Define Brownian motion as a continuous process $(B_t)$ with independent increments, such that $B_{s+t}-B_{s}$ has normal distribution with mean $0$ and variance $t$. How do you use the independence of increments to prove that for $t>0$ and $s_1<\cdots <s_n$ $$(B_{s_1t},\ldots,B_{s_nt})=_d(t^{1/2}B_{s_1},\ldots,t^{1/2}B_{s_n})$$ where $=_d$ means that both vectors have the same distribution.
Only using the independence of increments, not that the process is Gaussian.
(I'll only write this down for $n=2$.) Let $f$ be a bounded continuous function of two real variables; let $Z_1$ and $Z_2$ be independent standard normal random variables.
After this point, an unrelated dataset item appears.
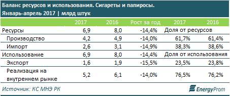 Примечательно, что по данным за 4 месяца текущего года сократилось не только производство, но и спрос: так, реализация сигарет и папирос на внутреннем рынке снизилась на 14% за год. Импорт тоже в минусе — на 14,9% к прошлогодним показателям.

Then $$ \eqalign{ \Bbb E[f(B_{s_1t},B_{s_2t})] &=\Bbb E[f(B_{s_1t},B_{s_1t}+(B_{s_2t}-B_{s_1t}))]\cr &=\Bbb E[f(\sqrt{s_1t}Z_1,\sqrt{s_1t}Z_1+(\sqrt{s_2t-s_1t}Z_2))]\cr &=\Bbb E[f(\sqrt{t}\sqrt{s_1}Z_1,\sqrt{t}\sqrt{s_1}Z_1+\sqrt{t}(\sqrt{s_2-s_1}Z_2))]\cr &=\Bbb E[f(\sqrt{t}B_{s_1},\sqrt{t}B_{s_1}+\sqrt{t}(B_{s_2}-B_{s_1}))]\cr &=\Bbb E[f(\sqrt{t}B_{s_1},\sqrt{t}B_{s_2})].\cr } $$ Of course it is crucial here that (because $B_s$ is normal with mean $0$ and variance $s$) $B_s$ has the same distibution as $\sqrt{s}Z$, where $Z$ is standard normal. Because $f$ was arbitrary, this shows that $(B_{s_1t},B_{s_2t})$ has the same distribution as $(\sqrt{t}B_{s_1},\sqrt{t}B_{s_2})$.